══ Supplied records ══
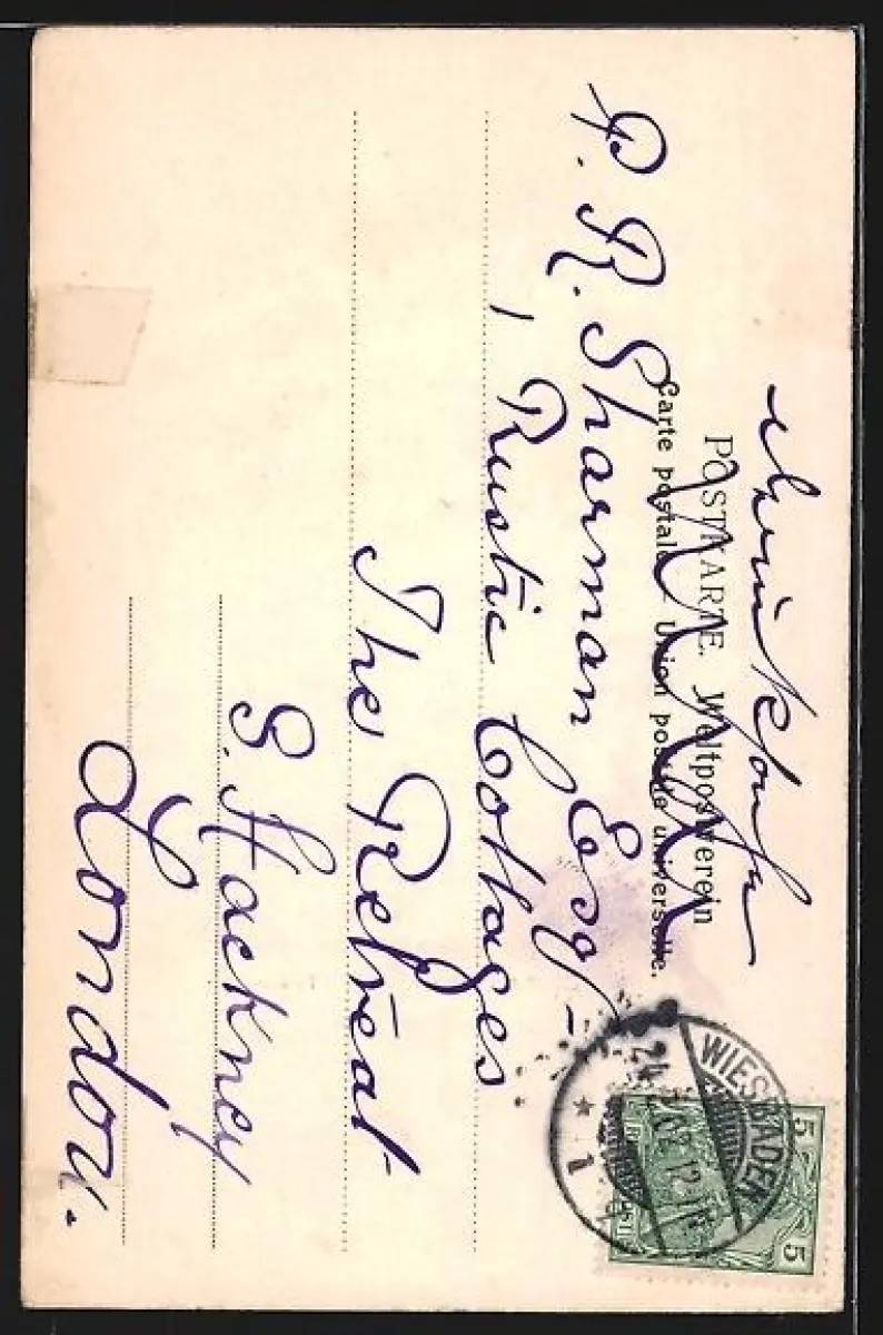 gelaufen 1902, rückseitig Klebe- und Papierreste, guter Zustand
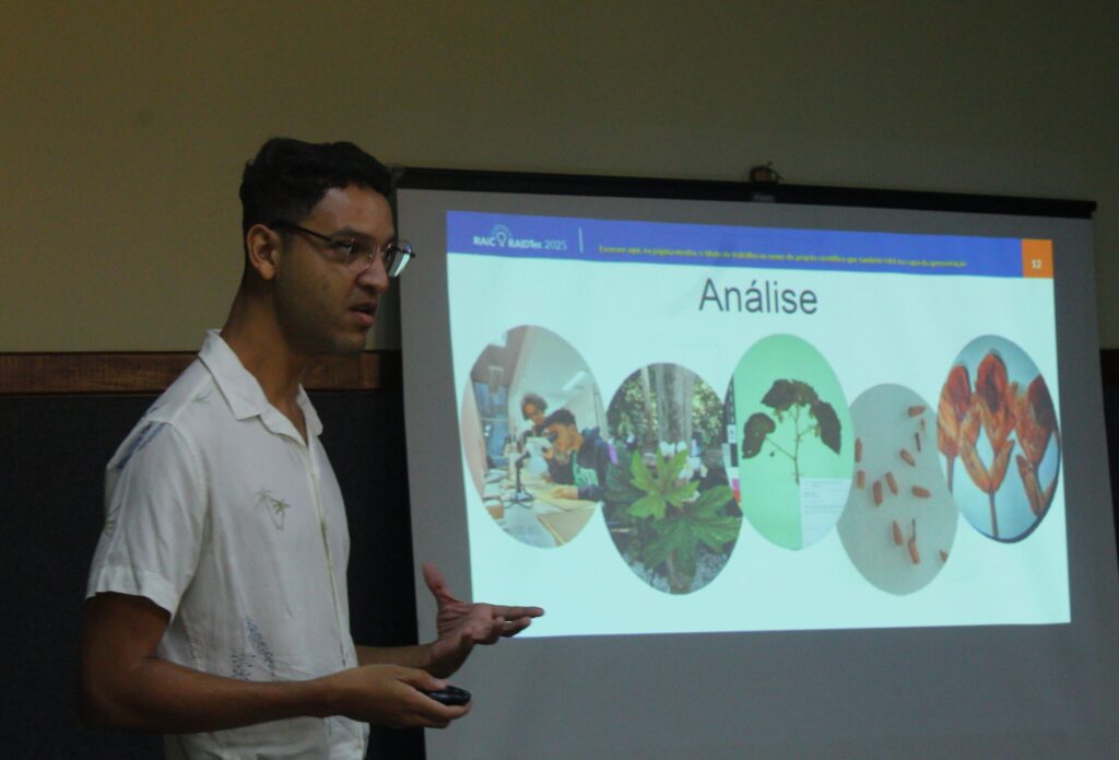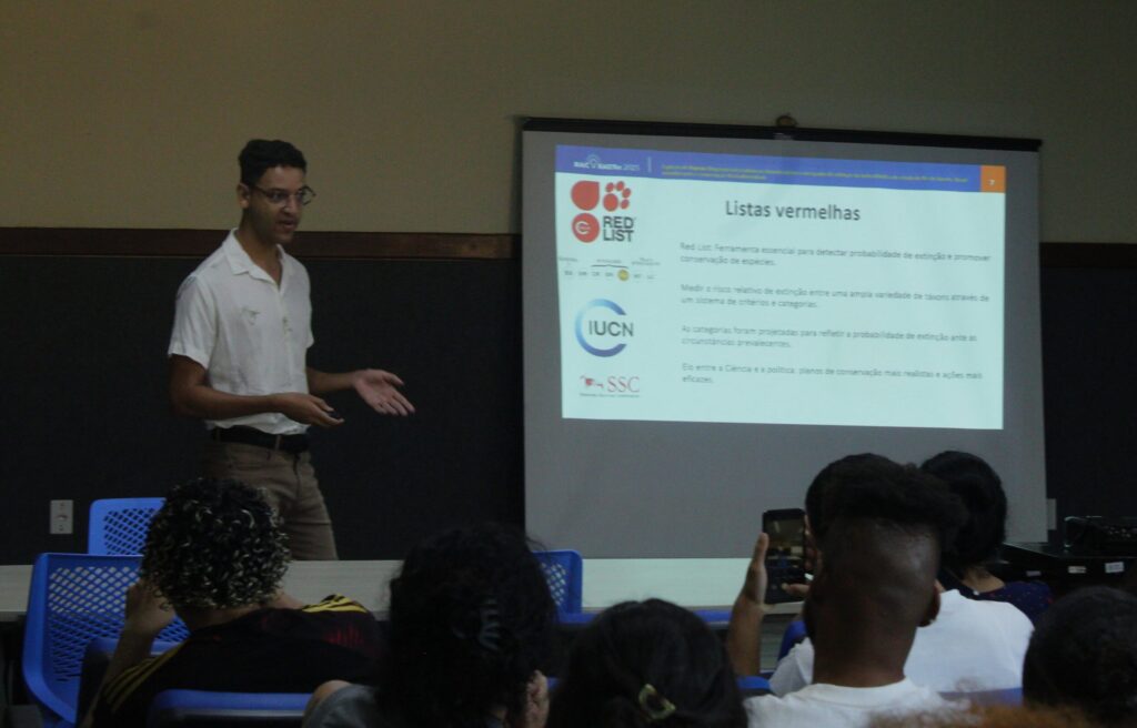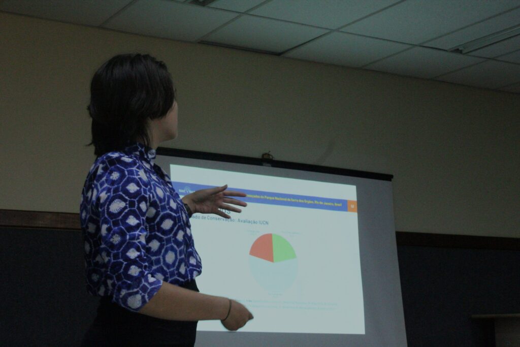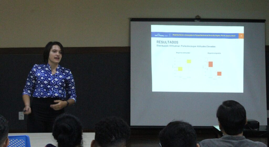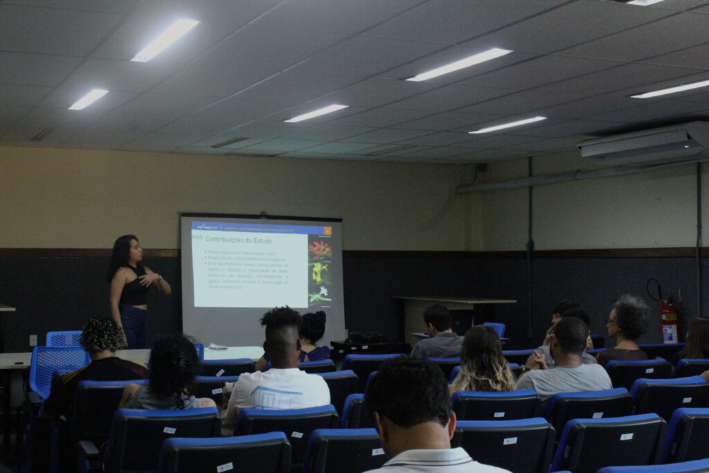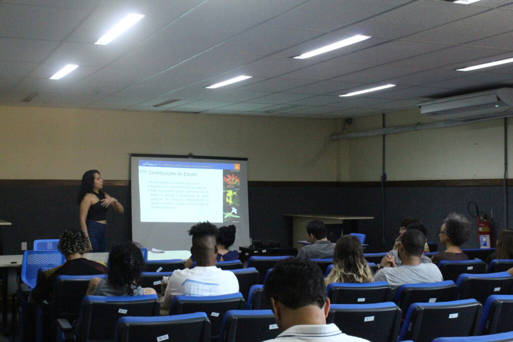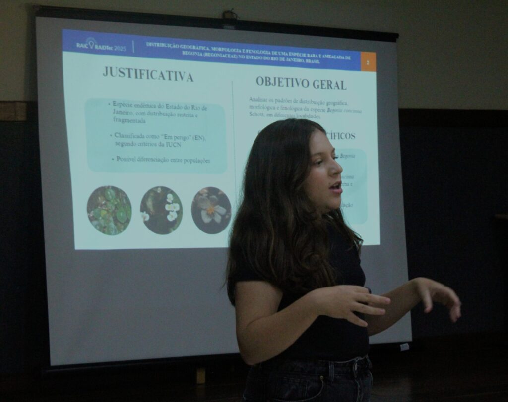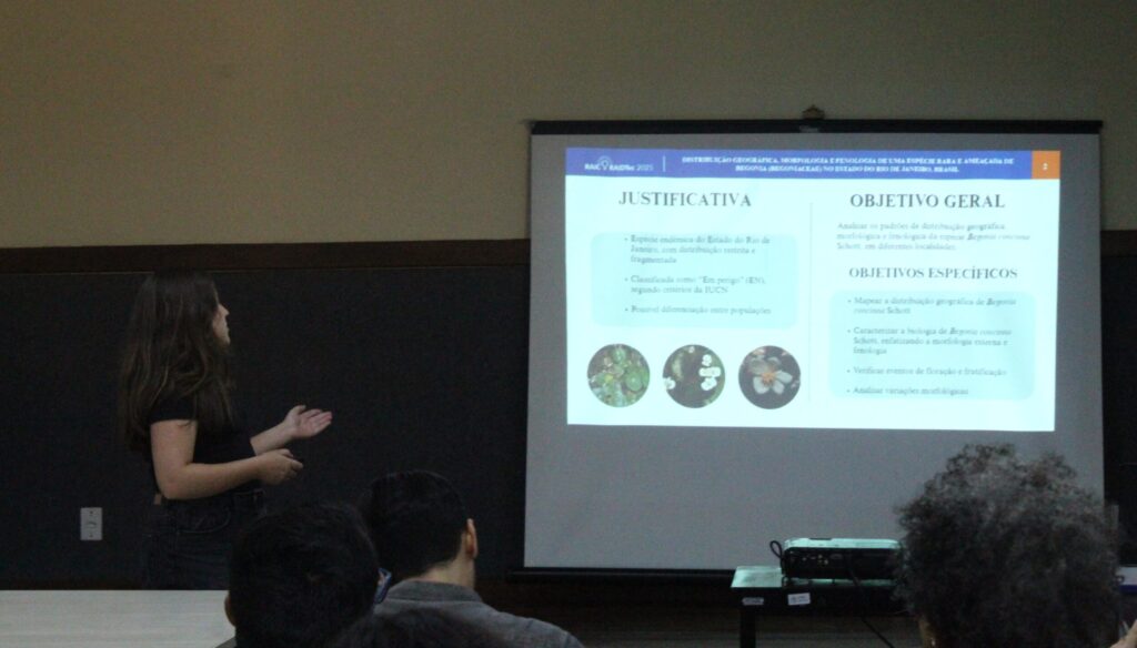 A abertura da sessão de apresentações foi realizada pela aluna de Licenciatura de Ciências Agrícolas, Iasmim Moraes Alves, com a pesquisa “A família Acanthaceae na Mata Atlântica: diversidade e estado de conservação na REBIO Tinguá, RJ”. Ela abordou os desafios do estudo de uma área com ampla ação antrópica. A família Acanthaceae é pouco explorada nessa área de atuação e seu trabalho, que indicou 22 espécies da planta, pretende encaminhar novas pesquisas para a área e gerar políticas públicas de conservação.
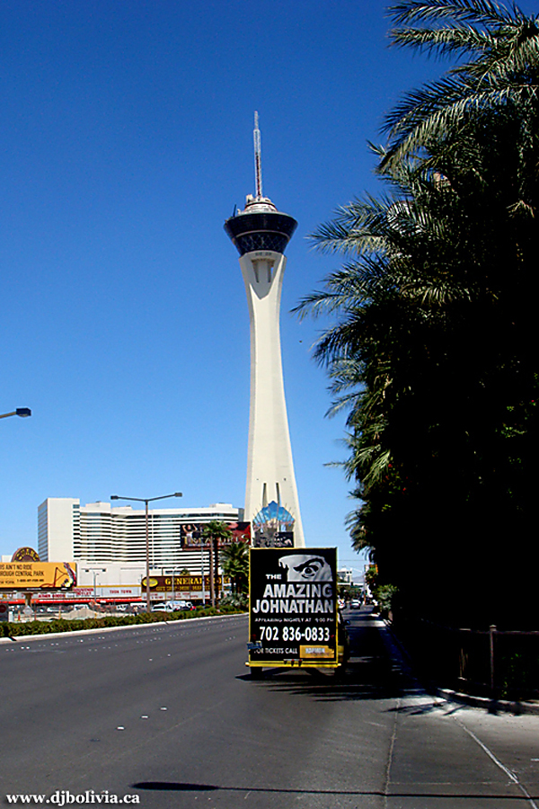 On Sunday, we decided to be complete tourists and just spend the day walking around, and looking at attractions on the Strip. Here's a photo of the Stratosphere Tower during daylight.
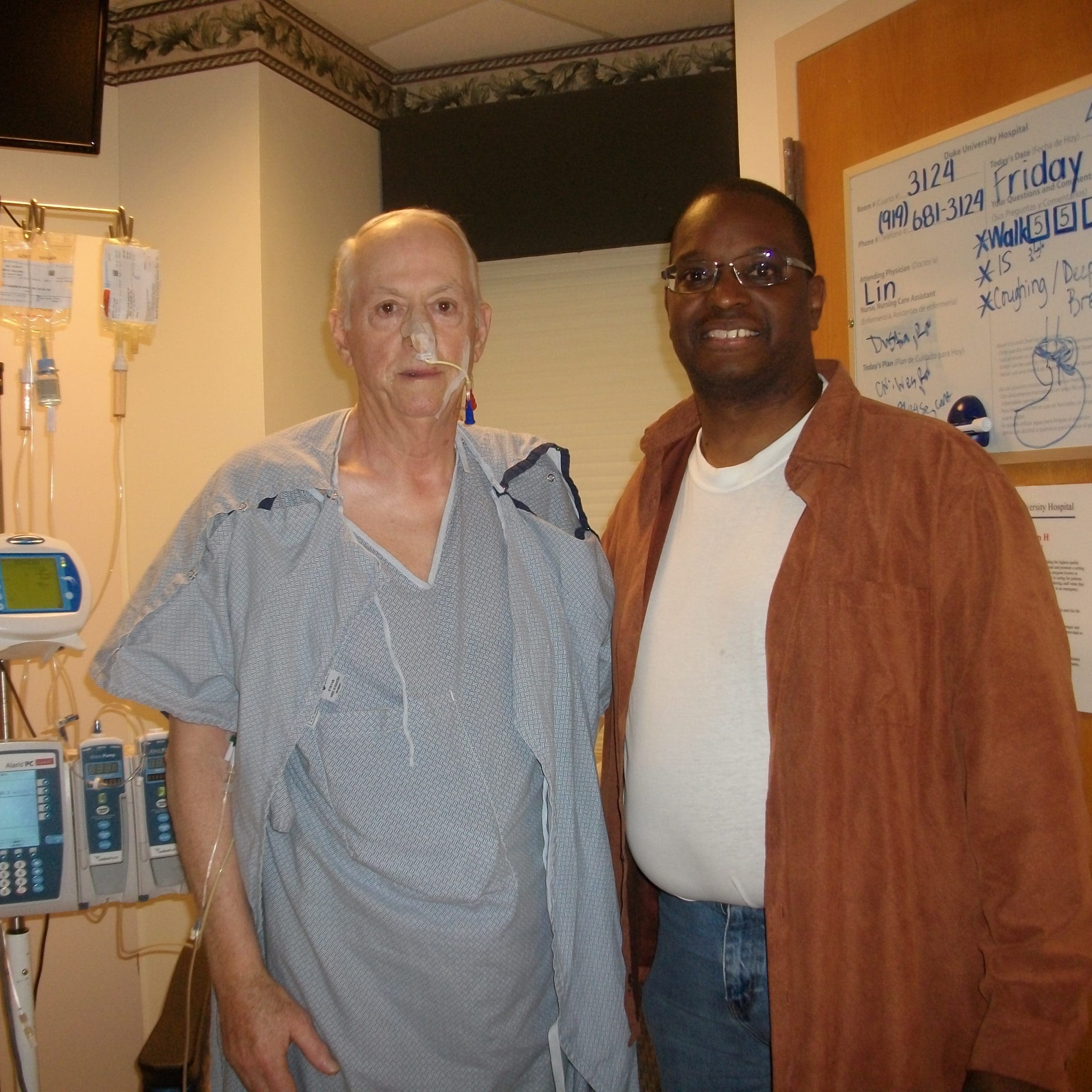 At that moment, Mrs. Green was at an attorney’s office finalizing power of attorney paperwork. Her daughter called and said, “They’re getting ready to LifeFlight Dad to Duke. I’ve packed clothes for you. You need to get here so you can fly out with him. I’ll drive the car up next week.”
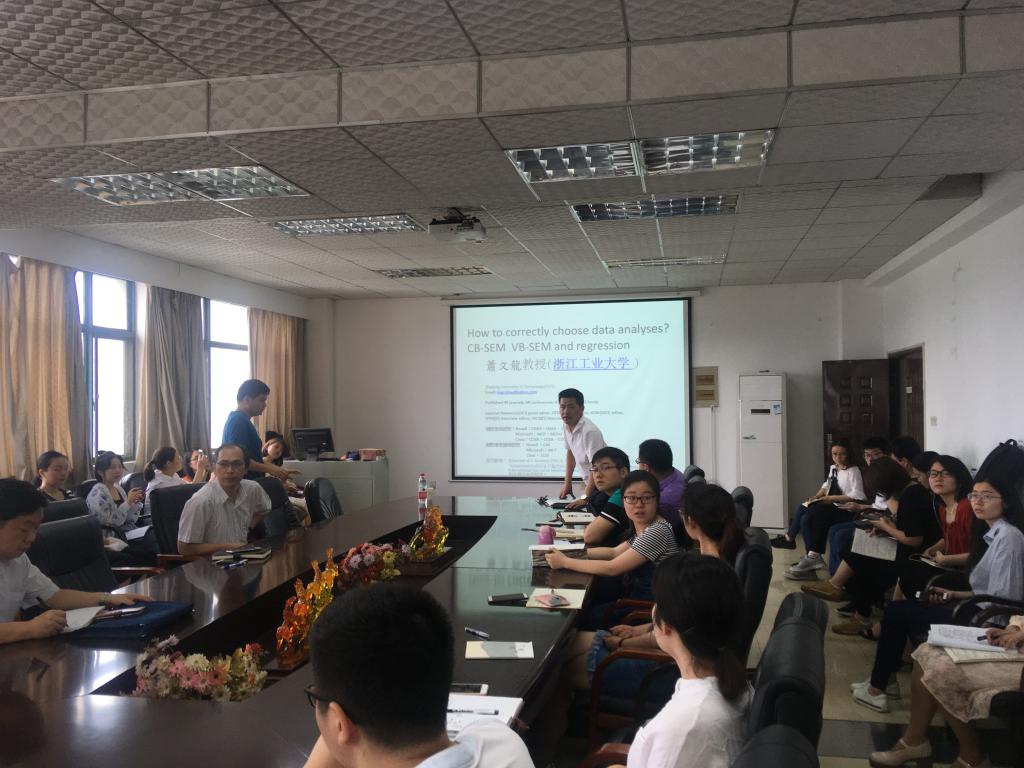 2018年5月24日上午10:00,浙江工业大学教授萧文龙来我院进行了一场题为“How to correctly choose data analyses? CB—SEM, VB—SEM and regression?”的专题讲座。我院众多老师及各级博士、硕士研究生参与了讲座。讲座由副院长曹高辉主持。
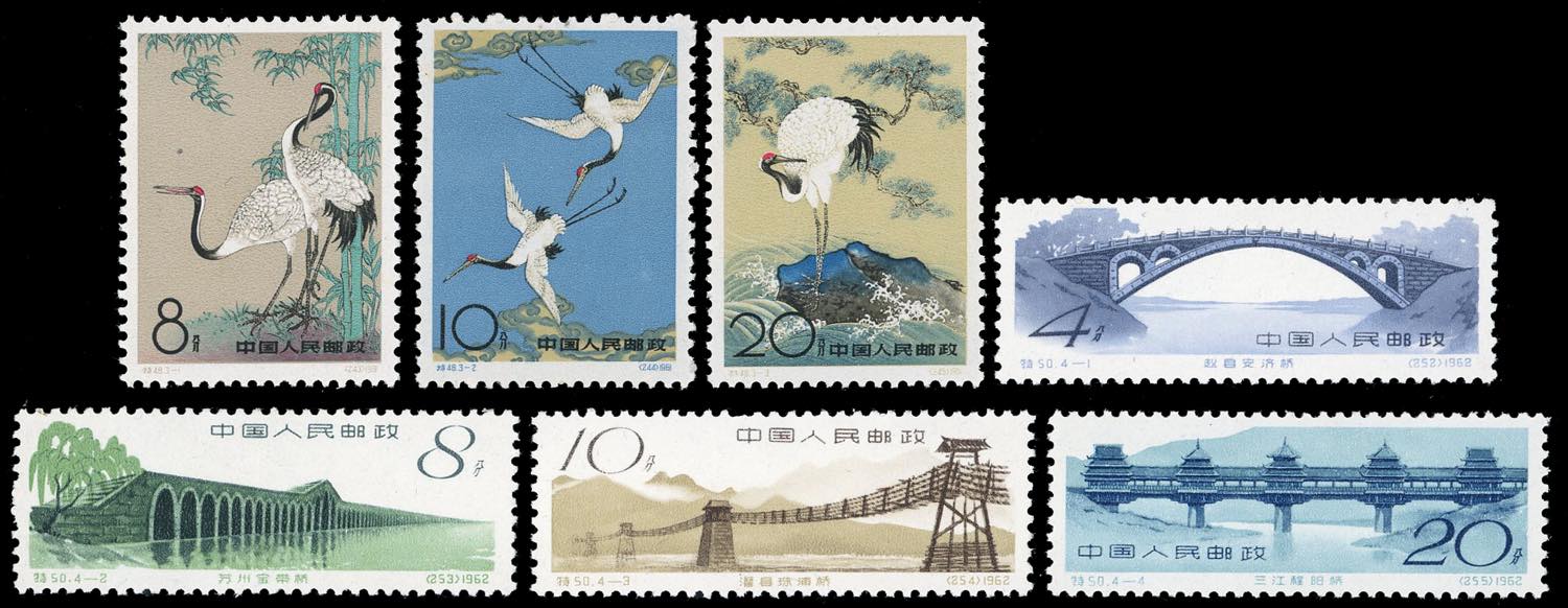 1962 - Bridges and Chen Chi-Fo paintings, complete sets (Mi.622/625,640/642), full original gum, MNH, perfect conditions, very fine.
═══
With the images excluded, all entries are to be given again exactly.

Output of the task:
 gelaufen 1902, rückseitig Klebe- und Papierreste, guter Zustand
 A abertura da sessão de apresentações foi realizada pela aluna de Licenciatura de Ciências Agrícolas, Iasmim Moraes Alves, com a pesquisa “A família Acanthaceae na Mata Atlântica: diversidade e estado de conservação na REBIO Tinguá, RJ”. Ela abordou os desafios do estudo de uma área com ampla ação antrópica. A família Acanthaceae é pouco explorada nessa área de atuação e seu trabalho, que indicou 22 espécies da planta, pretende encaminhar novas pesquisas para a área e gerar políticas públicas de conservação.
 On Sunday, we decided to be complete tourists and just spend the day walking around, and looking at attractions on the Strip. Here's a photo of the Stratosphere Tower during daylight.
 At that moment, Mrs. Green was at an attorney’s office finalizing power of attorney paperwork. Her daughter called and said, “They’re getting ready to LifeFlight Dad to Duke. I’ve packed clothes for you. You need to get here so you can fly out with him. I’ll drive the car up next week.”
 2018年5月24日上午10:00,浙江工业大学教授萧文龙来我院进行了一场题为“How to correctly choose data analyses? CB—SEM, VB—SEM and regression?”的专题讲座。我院众多老师及各级博士、硕士研究生参与了讲座。讲座由副院长曹高辉主持。
 1962 - Bridges and Chen Chi-Fo paintings, complete sets (Mi.622/625,640/642), full original gum, MNH, perfect conditions, very fine.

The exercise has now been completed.